The fourth step is to use the temperature oscillation method to make the hydrate reaction complete. The staff can confirm whether the reaction is complete by calculating the amount of reaction gas required for the hydrate reaction, the amount of reaction gas added, and the gas pressure in the high-pressure reactor. After the reaction is complete, open the hydraulic main valve and start the manual booster pump to pressurize. When the pressure reaches the required pressure, the piston squeezes both sides of the two sleeves simultaneously to obtain the compressed hydrate sample.

Step 5: After the sample is compressed, start the thermal analyzer to measure the thermal properties of the hydrate. The thermal analyzer heats the sample through the probe, and at the same time records the resistance value of the temperature rising with time and feeds it back to the thermal analyzer , the thermal analyzer transmits the measurement information to the data collector for real-time data collection, and finally the computer calculates the thermal physical parameters of the hydrate sample.

Preferably, when the hydrate sample is generated in situ, a certain proportion of sediment and solution is firstly weighed and filled in the two sleeves, the surface is compacted and smoothed, and then the two sleeves are fastened together.

Preferably, when the hydrate sample is generated in situ and the sample is in the form of loose particles, first place the two sleeves with probes installed in a horizontal high-pressure reactor, and then feed the sediment and solution from the sleeves Inject slowly into the hole.
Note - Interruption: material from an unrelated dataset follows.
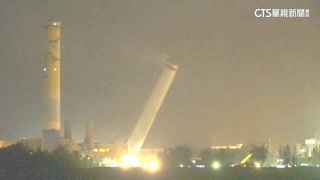 在夜色中,大煙囪逐漸傾斜,遠遠觀看的民眾,紛紛驚呼,民眾說:「會倒向這邊。」最後巨大煙囪倒向地面,揚起一片煙塵,足足有好幾層樓高,撞擊轟然巨響傳遍四周,十分震撼。昨日晚間,通霄火力發電廠5號機組煙囪,廠方以放倒的方式,讓120公尺高的煙囪倒地,當地民眾得知大煙囪要放倒,早早就來卡位觀看,小朋友也見證歷史一刻。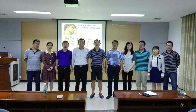 2015年10月16日上午,美国肯塔基大学(University of Kentucky)周序国教授应邀来公司进行学术交流,为公司师生作了题为“ RNA interference in agriculture: challenges and promises”的学术报告。周博士在报告中生动地讲解了 RNA干扰技术在农业病害防治、生物医学领域等方面的发展现状及应用,非常热情地回答了各位老师和同学的提问,并给大家介绍了肯塔基大学的研究方向和背景。会后,周博士参观了公司植物功能基因组学与发育调控湖南省重点实验室,与有关教师就科研合作、员工培养开展了交流。此外,湖南省农科院植物保护研究所所长刘勇研究员、书记张德咏研究员也应邀一同前来听取报告和参加了师生的座谈。

Compared with the prior art, the present invention has the following beneficial effects:

The above method for measuring the thermal physical properties of hydrates only needs to place hydrates or sediments and solutions in the sleeve, and the two pistons squeeze the two sleeves from both sides respectively, and both sides of the hydrate are squeezed at the same time, and the probe Will not move or bend, reducing probe damage. At the same time, the consistency of the hydrate after extrusion on both sides is good, and the experimental measurement accuracy is high. The sample is added to the sleeve, which prevents the sample from falling and sticking to the inner wall of the autoclave.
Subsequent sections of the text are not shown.